# Shooting touches retriever community



## sterregold (Dec 9, 2009)

Got word through the retriever grapevine that two of the victims in the Chardon OH school shooting are connected to the retriever games. Joy Rickers, the only female victim, is a member of Buckeye RC and often worked field trials and hunt tests held at the BRC grounds. Russell King is also reported to have worked as a bird boy at some of the events. So sad to hear that kids who have worked hard and were giving back to conservation efforts have been put through this. These kids could well have thrown birds for my dogs in the test we ran there....


----------



## solinvictus (Oct 23, 2008)

This is so sad. The news just said a 3rd boy has died that had been shot. I believe the names of the 3 are Daniel Parmertor, Russell King and Demetrius Hewlin. 

My heart goes out to the families of all 5 young people.


----------



## cubbysan (Mar 13, 2007)

Prayers going out to all involved.

Being a mother of children in school, this stuff scares the heck out of me.


----------



## Aislinn (Nov 13, 2010)

My thoughts and prayers are with the parents and these young people's family and friends.


----------



## Buddy's mom forever (Jun 23, 2011)

Very sad, prayers for the families and friends of victims.


----------



## DNL2448 (Feb 13, 2009)

How tragic. My prayers go out to all involved.

I just don't get what is going on with today's youth! Where do they get that this is the answer? What happend to go ol' fist fights? But then I read where an eleven year old died as a result of a single blow to the head from a fight with another eleven year old over a boy!


----------



## cubbysan (Mar 13, 2007)

DNL2448 said:


> How tragic. My prayers go out to all involved.
> 
> I just don't get what is going on with today's youth! Where do they get that this is the answer? What happend to go ol' fist fights? But then I read where an eleven year old died as a result of a single blow to the head from a fight with another eleven year old over a boy!

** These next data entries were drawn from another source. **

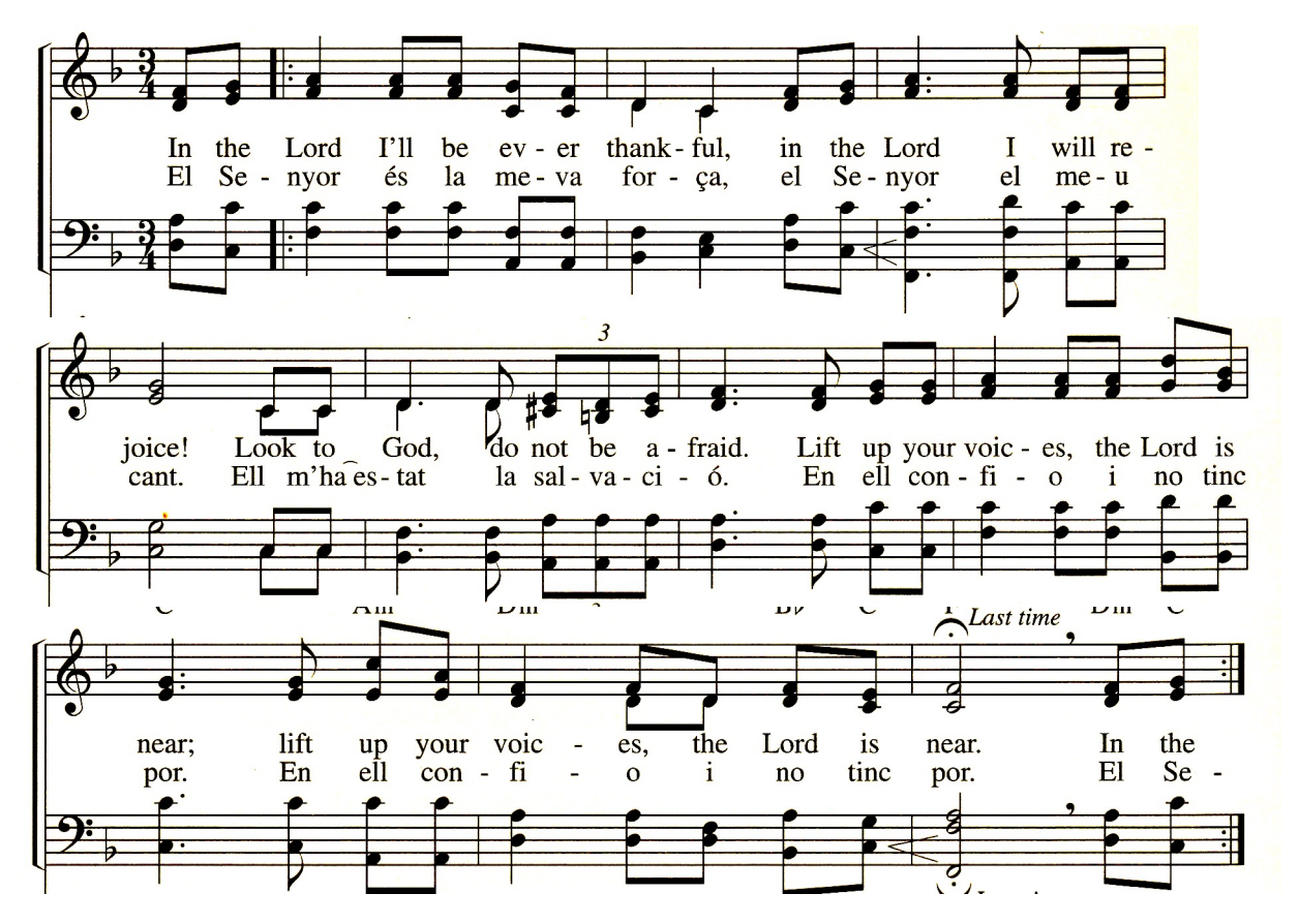
CHANT 3. In the Lord I'll be ever thankful

For thine is the kingdom, the power and the glory, for ever and ever. Amen
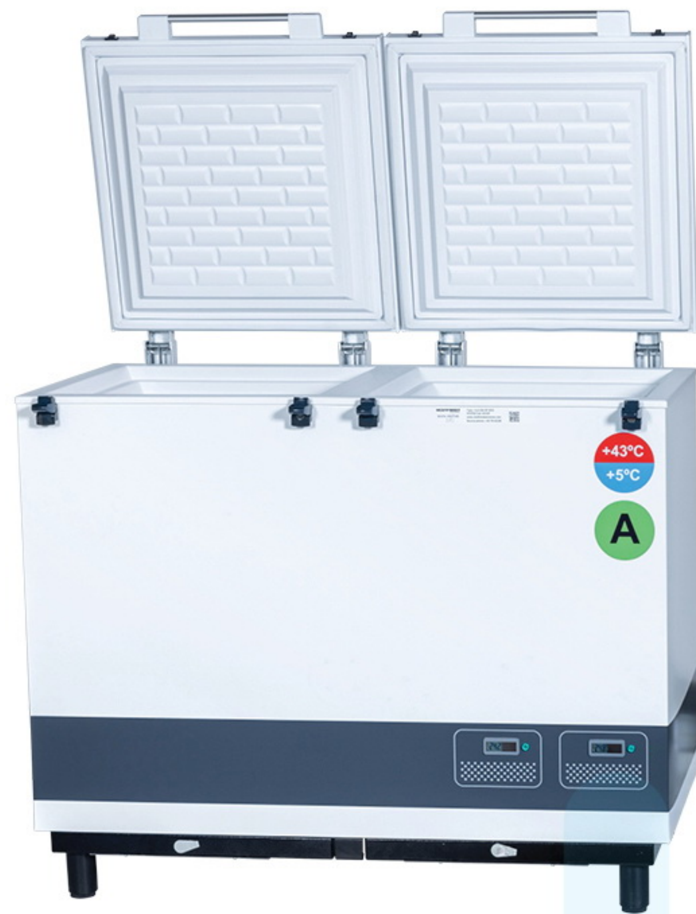
VLS 056 RF SDD
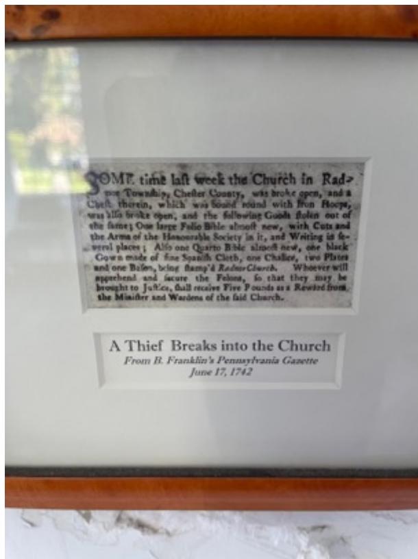
Figure 16. American Weekly Mercury.
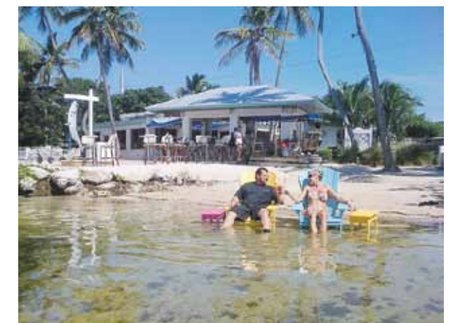
Soak up the sun at Marker 88 Restaurant while enjoying a Piña Coloda with your feet in the water
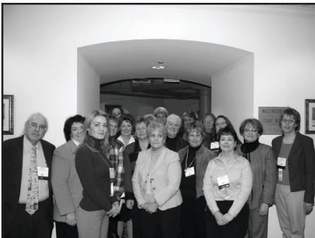
Some of the bar executives attending the CCBL break from the full schedule for a group photo.
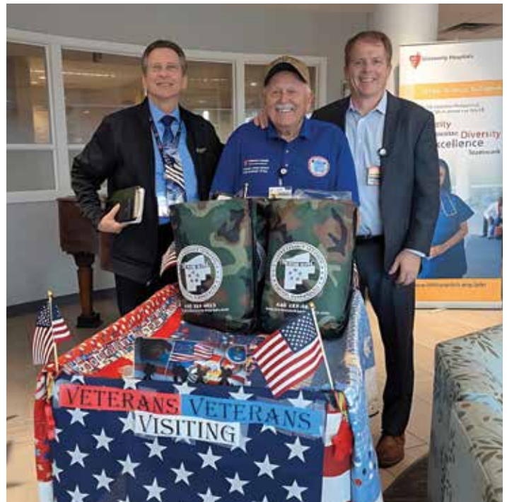
Team members making connections for the Veterans Visiting Veterans program at the UH Elyria Medical Center.
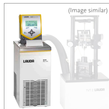
L001249 LAUDA RE 415 S
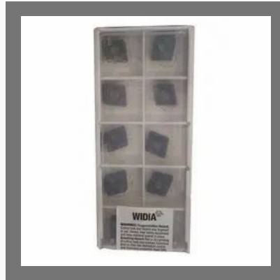
CCMT060208R Widia Turning Insert

My mother also just told me about a 7 or 8 year old girl that died from fighting with another little girl too over a boy. I believe it was from a blow to the stomach.


----------



## CAROLINA MOM (May 12, 2009)

Three are so many events in life that I do not understand why they occur, this is definitely one of them. This is so very sad, tragic, and senseless. 

My thoughts and prayers to all the families and the entire community. Life will never be the same for any of them.


----------



## sterregold (Dec 9, 2009)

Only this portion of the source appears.